[[ Supplied records open ]]

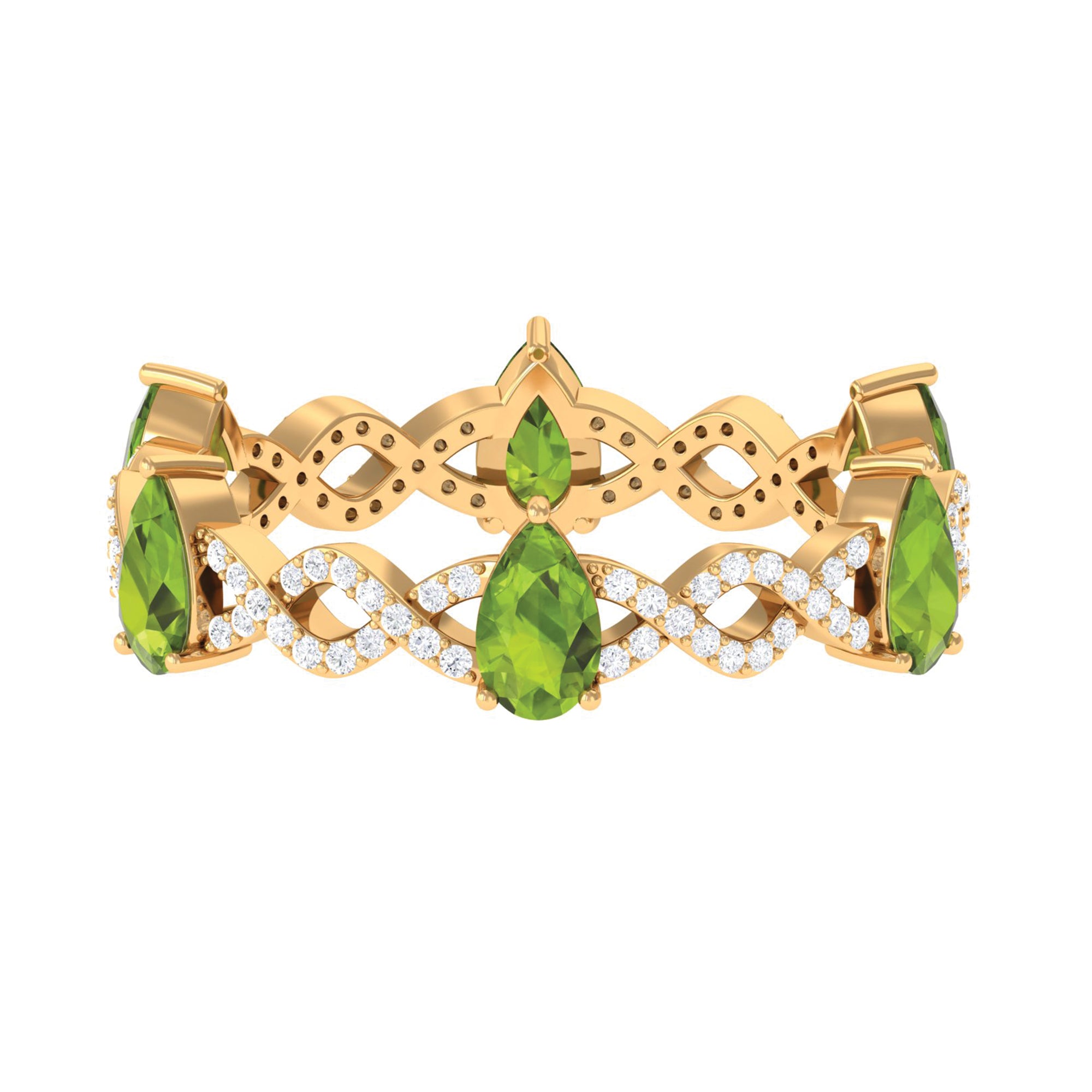 Peridot and Diamond Full Eternity Ring with Crossover Shank
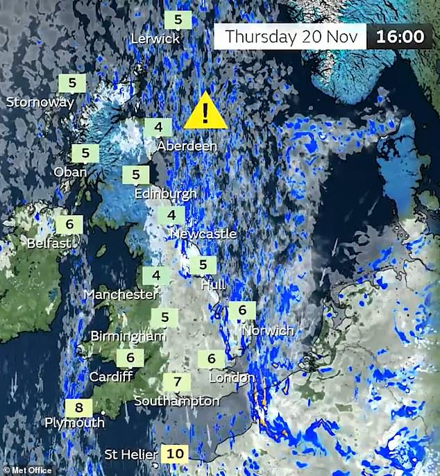 Mr Armstrong said: ‘Temperatures are well below average for the time of year and could get as low as -11C in rural parts of Scotland on Thursday night, with daytime temperatures generally in low single figures for many.
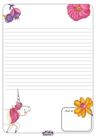 دفتر املا دخترانه طرح دار شامل 42 صفحه تمام رنگی با طرح های کاملا متفاوت و زیبا به همراه بخش نظرات توصیفی معلم مناسب برای دانش آموزان کلاس اول و دوم
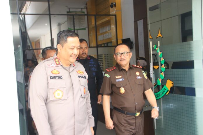 Nukilan.id — Kapolda Aceh Irjen Achmad Kartiko menyambagi Kepala Kejaksaan Tinggi (Kajati) Aceh Bambang Bachtiar di Kantor Kejati Aceh di Batoh, Kota Banda Aceh, Selasa, 10 Oktober 2023.
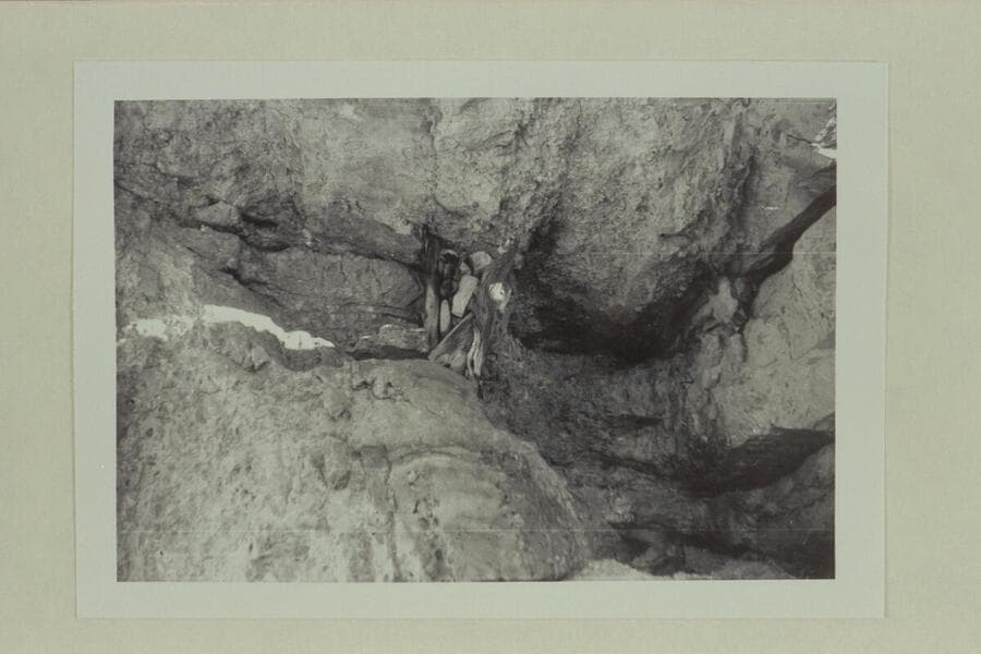 Small platform for dwelling below rim at southwest corner of north rim campground. Trail leads down 80 ft. and around corner to north
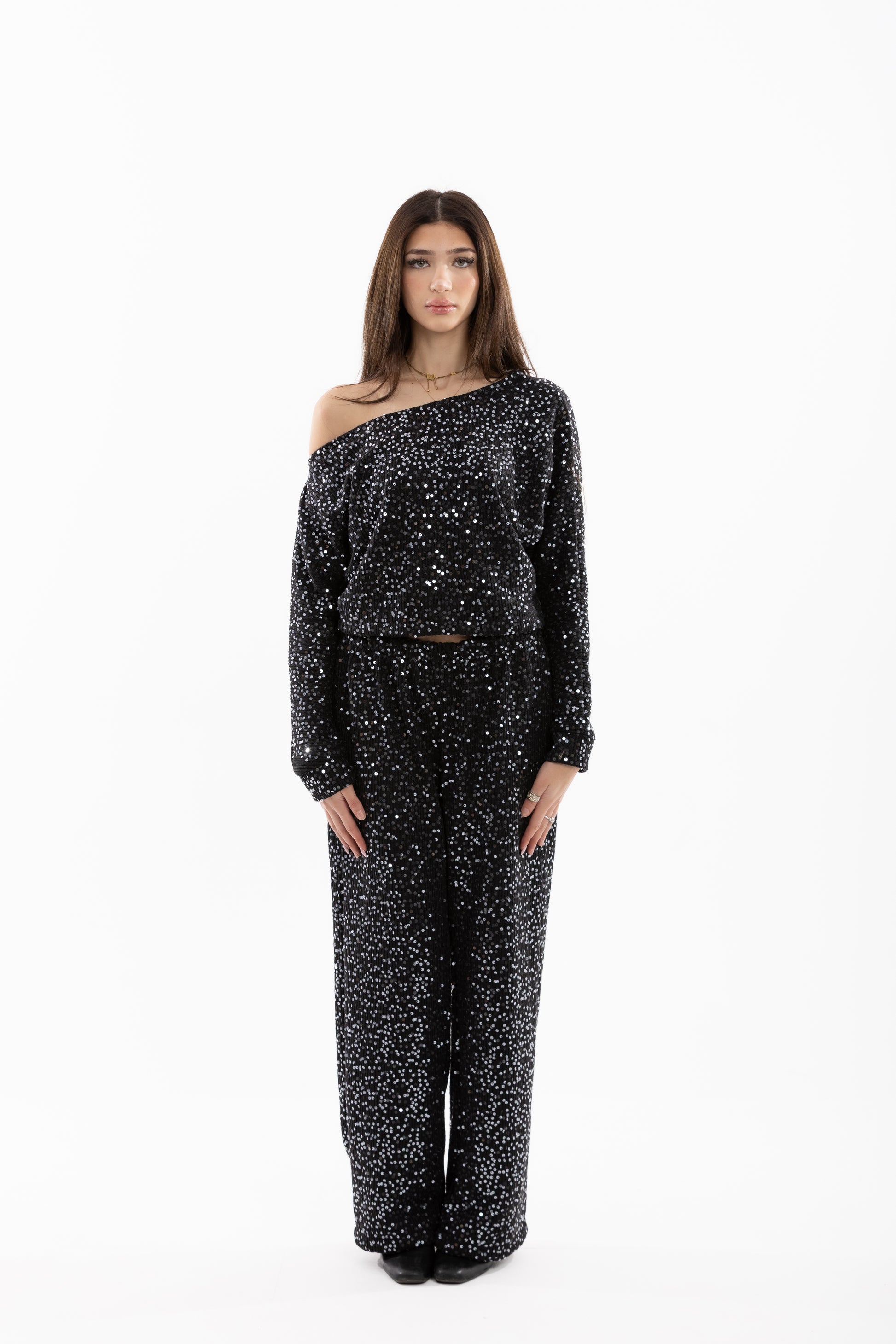A SET CONSISTS OF a slightly baggy pants and a off shoulder cropped loose long sleeve shirt with attention to all the details and top notch quality made off a special fabric in black
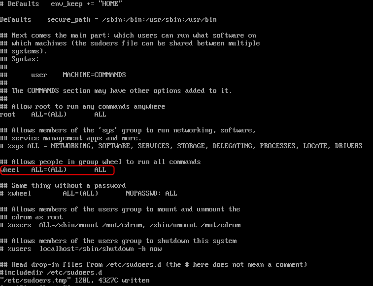 このファイルの中の「#wheel ALL=(ALL) ALL」の一行がコメントアウトされているので、#記号を削除して保存する。
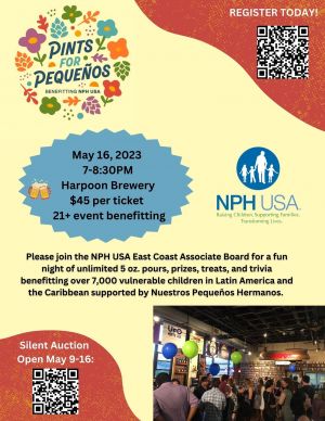 Please join the NPH USA East Coast Associate Bord on May 16th from 7PM-8:30PM for a fun night of unlimited 5 oz. pours, prizes, treats, and trivia benefitting over 7,000 vulnerable children in Latin America and the Caribbean supported by Nuestros Pequeños Hermanos.The event is located at Harpoon Brewery in Boston, MA and is a 21+ event.
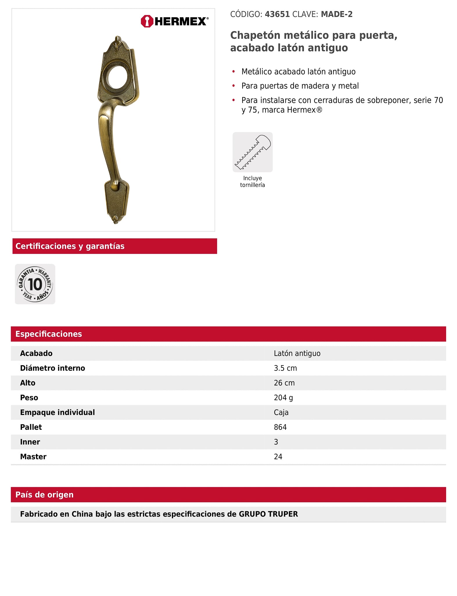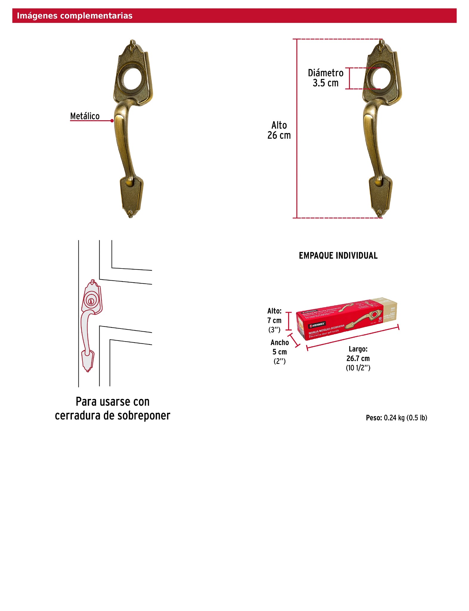 Chapetón metálico ideal para puertas de madera o metal, con acabado en latón antiguo que aporta un toque elegante y duradero. Diseñado para instalarse junto a cerraduras de sobreponer serie 70 y 75, incluye tornillería para una instalación rápida y segura. Perfecto para mantener un estilo tradicional con excelente resistencia al desgaste.
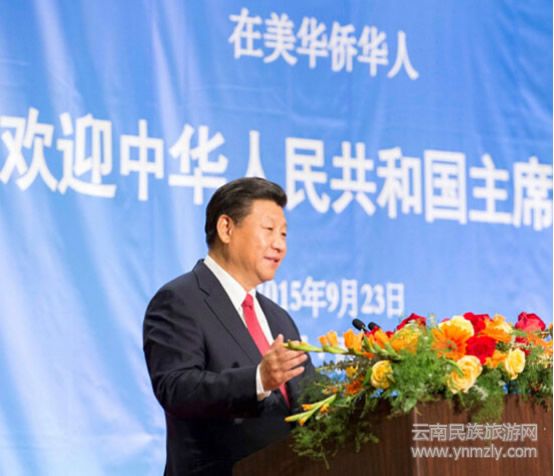 2015年9月23日,國家主席習近平和夫人彭麗媛在西雅圖出席美國僑界歡迎招待會。圖為習近平在招待會上發(fā)表講話。來源:新華社
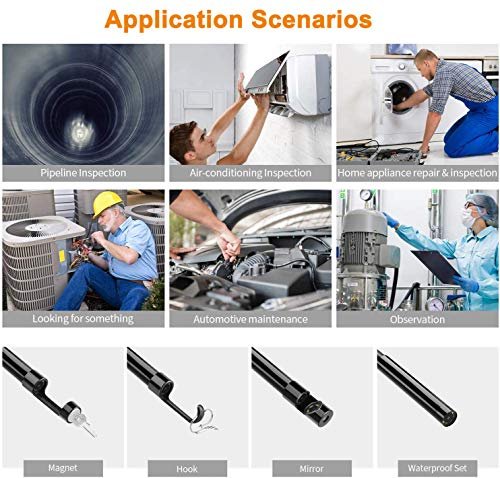 【32.8ft Cable & 5.5mm Diameter Camera】Flexible Semi-ridged cable with 0.216” diameter camera bends and holds its shape to get into a wide variety of confined places. pipes. curved holes. and so on. Even in dark areas. you still can see clearly as the 6 adjustable LED lights on the tip can help you find it easily.
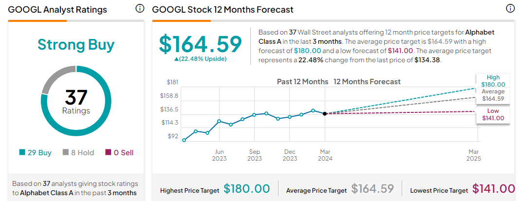 在过去三个月,至少有37家券商机构给出过谷歌A评级,其中29家建议买入,8家建议持有。对未来12个月的平均目标价预估为164.59美元,最高预估为180美元,最低预估为141美元。
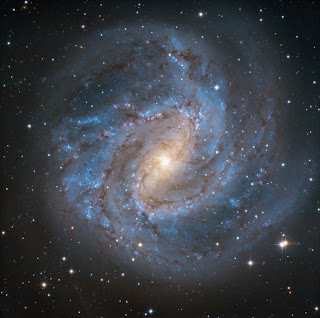 Image 1: Composite optical image of the Southern Pinwheel Galaxy. It was created using data from ESO’s TRAnsiting Planets and PlanetesImals Small Telescope–South telescope, using broadband filters in the B-band (blue and green), V-band (green and red), and the Red-band (red and green).
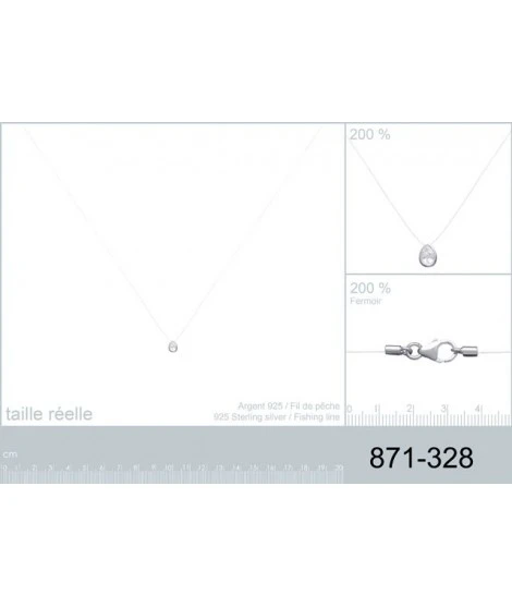Collier sur fil translucide transparent, style « fil de peche ». Pendentif goutte en argent 925/000 et oxyde de zirconium. Pendentif : 5 x 7 mm. Fermoir mousqueton en argent. Longueur : 42 cm. A porter sur un petit décolleté, à même la peau pour un effet qui ne laissera personne indifférent. Ma-gni-fi-que ! Livré dans sa jolie pochette en organza. Différents modèles disponibles.
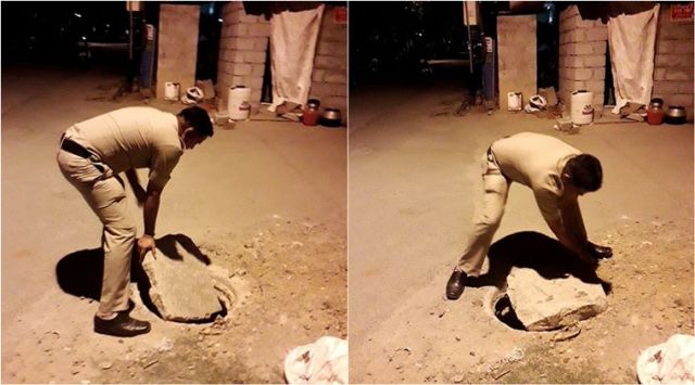 A police official from Bengaluru is getting a lot of praise online for going beyond the call of duty and covering an open manhole on his own to ensure the safety of commuters. When he spotted the open manhole, the constable decided not to wait till civic officials reached the spot, and used a big stone to cover it. Now, photos of the constable are going viral.
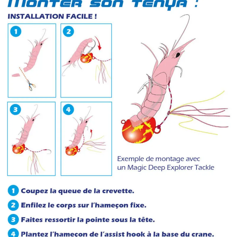 Idéale pour les pêche en dérive aux appâts, le tenya permet d’escher une crevette ou des gambas pour la pêche de nombreuses espèces dont la daurade, le pagre, le denti, le pageot, le sar, le tassergal, le poissons plats, le lieu et la morue, la vieille,… . La position naturelle de la tête permet à l’hameçon d’etre bien visible sur le fond.
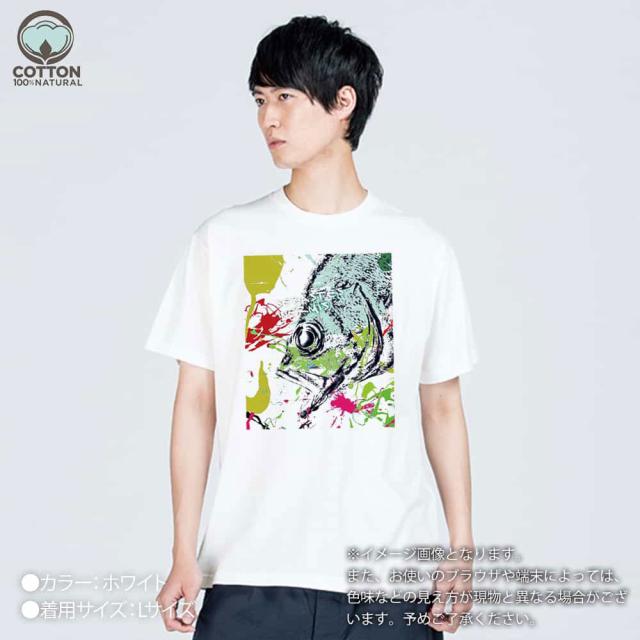 釣り Tシャツ 半袖 メバル ペンキペイント 5.6oz (オンス) 綿100% メンズ レディース 洗濯 大きいサイズ ホワイト ブラック グレー アイボリー 白 黒 灰色 肌色 春 夏 秋 冬 オシャレ 釣り 魚 ルアー

[[ Supplied records closed ]]

Those lines of the records above that run from the one containing "Chapetón metálico ideal" through the one containing "Collier sur fil" should be returned exactly, with no pictures among them.

 Chapetón metálico ideal para puertas de madera o metal, con acabado en latón antiguo que aporta un toque elegante y duradero. Diseñado para instalarse junto a cerraduras de sobreponer serie 70 y 75, incluye tornillería para una instalación rápida y segura. Perfecto para mantener un estilo tradicional con excelente resistencia al desgaste.
 2015年9月23日,國家主席習近平和夫人彭麗媛在西雅圖出席美國僑界歡迎招待會。圖為習近平在招待會上發(fā)表講話。來源:新華社
 【32.8ft Cable & 5.5mm Diameter Camera】Flexible Semi-ridged cable with 0.216” diameter camera bends and holds its shape to get into a wide variety of confined places. pipes. curved holes. and so on. Even in dark areas. you still can see clearly as the 6 adjustable LED lights on the tip can help you find it easily.
 在过去三个月,至少有37家券商机构给出过谷歌A评级,其中29家建议买入,8家建议持有。对未来12个月的平均目标价预估为164.59美元,最高预估为180美元,最低预估为141美元。
 Image 1: Composite optical image of the Southern Pinwheel Galaxy. It was created using data from ESO’s TRAnsiting Planets and PlanetesImals Small Telescope–South telescope, using broadband filters in the B-band (blue and green), V-band (green and red), and the Red-band (red and green).
Collier sur fil translucide transparent, style « fil de peche ». Pendentif goutte en argent 925/000 et oxyde de zirconium. Pendentif : 5 x 7 mm. Fermoir mousqueton en argent. Longueur : 42 cm. A porter sur un petit décolleté, à même la peau pour un effet qui ne laissera personne indifférent. Ma-gni-fi-que ! Livré dans sa jolie pochette en organza. Différents modèles disponibles.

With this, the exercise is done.